Almond biscotti

Almond biscotti

Cantuccini

By
From
Florentine
Makes
36 biscotti
Photographer
Lauren Bamford

Tuscan dinners most often end with a plate of almond-studded cantuccini accompanied by the local dessert wine, vin santo (perhaps homemade), poured into small tumblers, with much dunking, drinking, eating and lingering. It’s the quintessential element that rounds off any meal, whether it is shared among new or old friends at home or offered by friendly and generous trattoria hosts.

In Tuscany they are known as cantuccini – often named after Florence’s neighbour and the city of their invention, Prato – but they are better known as biscotti (the general Italian word for ‘biscuits’) in the English-speaking world. The word biscotti comes from the fact that these biscuits are twice (‘bis’) cooked (‘cotto’), a technique that Pliny the Elder once said would make baked goods keep for centuries. They are first shaped into a sort of flat log, baked, then cut into slices and baked again. The double baking makes them durable, crunchy and perfect for dipping into vin santo or coffee.

Ingredients

Quantity Ingredient
125g whole almonds, chopped roughly in half
350g plain flour
200g sugar
1 teaspoon baking powder
A pinch salt
2 eggs
1 egg yolk, for glazing
30ml vin santo
1 tablespoon honey

Method

  1. Preheat the oven to 180°C.
  2. Place the almonds on a baking tray and toast for 10 minutes in the oven, then let them cool.
  3. Combine the dry ingredients in a large bowl. Make a well in the centre and crack the eggs in (reserve the extra yolk for glazing later). Add the vin santo and honey (warmed, if not runny enough) and beat the wet ingredients with a fork, slowly incorporating the dry ingredients around them until it becomes a dough. Add the almonds and continue mixing with your hands until the dough is well combined.
  4. Shape the dough into thin logs, about 2 cm high, 4 cm wide, and slightly flattened. Place on baking trays lined with baking paper, at least 5–8 cm apart.
  5. Beat the extra egg yolk and brush the tops and sides of the logs with the beaten egg. Bake in the oven at 180°C until golden, about 20–25 minutes. Turn the oven down to 130°C.
  6. When just cool enough to handle, slice the logs at a 45 degree angle into 1.5 cm slices (use a sharp, heavy kitchen knife that can easily chop through nuts).
  7. Place the cantuccini on their sides back onto the baking tray, and bake for a further 20 minutes or until crisp and dry to the touch (but not coloured).
  8. These biscuits keep well when stored in an airtight container – if they are not eaten all at once.

Variations

  • The recipe for cantuccini has thousands of variations.
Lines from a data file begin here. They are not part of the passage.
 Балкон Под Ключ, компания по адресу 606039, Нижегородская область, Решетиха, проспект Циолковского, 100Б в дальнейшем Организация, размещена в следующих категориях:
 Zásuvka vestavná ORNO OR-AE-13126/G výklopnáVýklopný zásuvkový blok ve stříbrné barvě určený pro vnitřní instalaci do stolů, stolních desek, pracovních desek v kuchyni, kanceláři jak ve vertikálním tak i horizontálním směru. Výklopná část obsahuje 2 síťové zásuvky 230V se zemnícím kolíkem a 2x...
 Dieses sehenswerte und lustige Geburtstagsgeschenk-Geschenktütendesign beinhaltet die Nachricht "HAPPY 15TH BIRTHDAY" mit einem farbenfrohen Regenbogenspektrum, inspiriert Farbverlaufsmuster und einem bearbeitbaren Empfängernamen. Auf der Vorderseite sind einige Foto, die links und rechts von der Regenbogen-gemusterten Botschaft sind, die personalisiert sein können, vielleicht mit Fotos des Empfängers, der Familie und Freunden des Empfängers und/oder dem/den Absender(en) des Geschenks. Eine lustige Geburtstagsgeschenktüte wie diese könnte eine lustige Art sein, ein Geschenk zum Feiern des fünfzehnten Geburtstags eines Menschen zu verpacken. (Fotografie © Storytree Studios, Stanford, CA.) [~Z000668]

While the one I use is adapted from my mother-in- law’s recipe, it is quite different from the very first nineteenth-century recipe for biscotti di Prato, which included pine nuts and did not have any raising agents or butter.
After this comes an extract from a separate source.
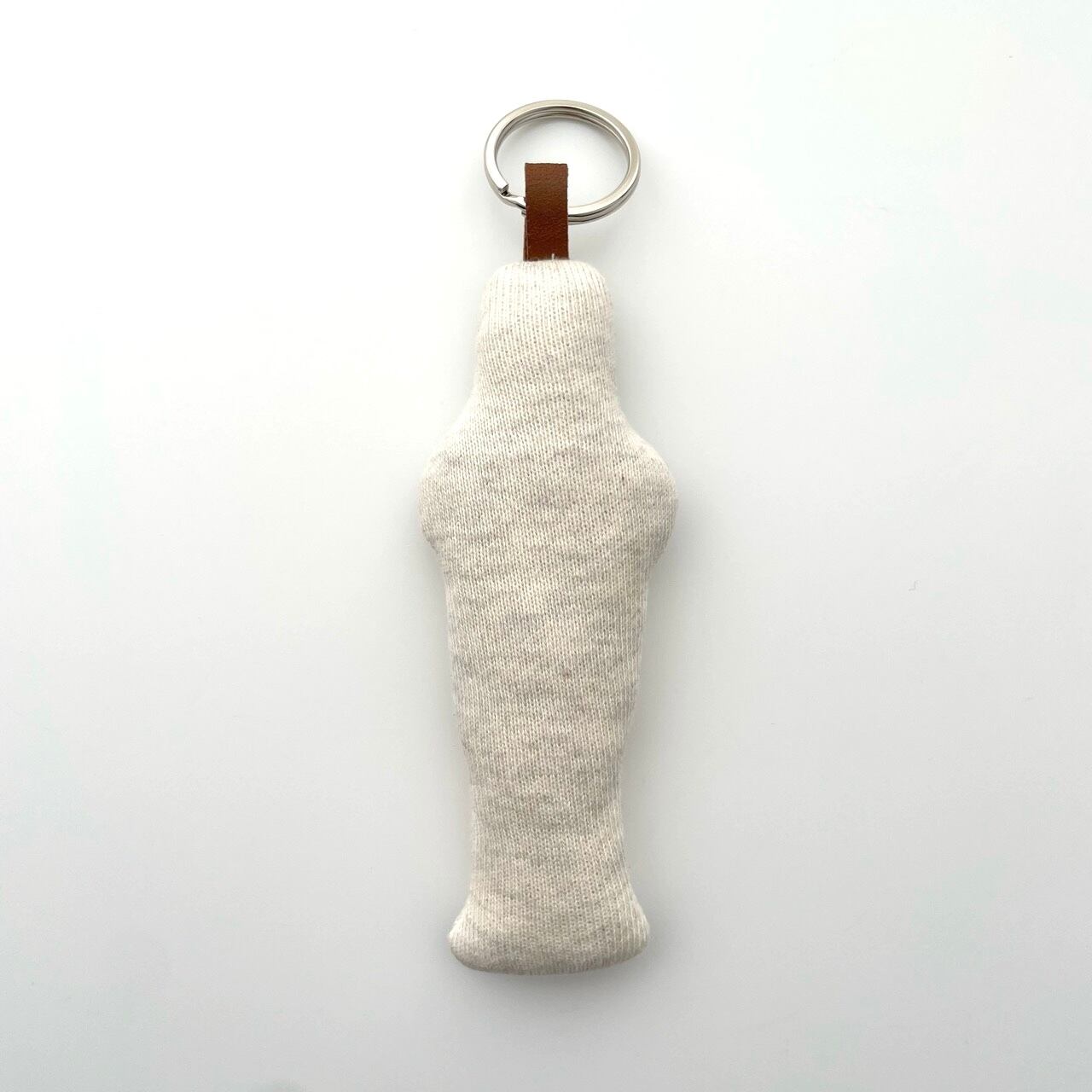 綿をたっぷり詰めて、握り心地の良いキーホルダーです。 【素材】 表:コットン 刺繍糸:ポリエステル 中綿:ポリエステル 【サイズ】タテ13.5cm×ヨコ5.0cm リング直径3cm 【注意点】 ・刺繍はミシン刺繍ですが、一点一点手作業で製作しております。 ・お使いの端末や閲覧環境により、写真と実物の色味が多少異なって見えることがございます。ご了承下さい。 【配送について】 クリックポスト(全国一律・追跡可)でのお届けとなります。

    If you do not have vin santo on hand, you could substitute another dessert wine or even rum. Otherwise, simply leave it out.

    You can replace the almonds with an equal amount of large chunks of dark chocolate. Leave the logs to cool completely before slicing and only do the second baking just before serving so you can serve the biscotti warm, with the chocolate just melting.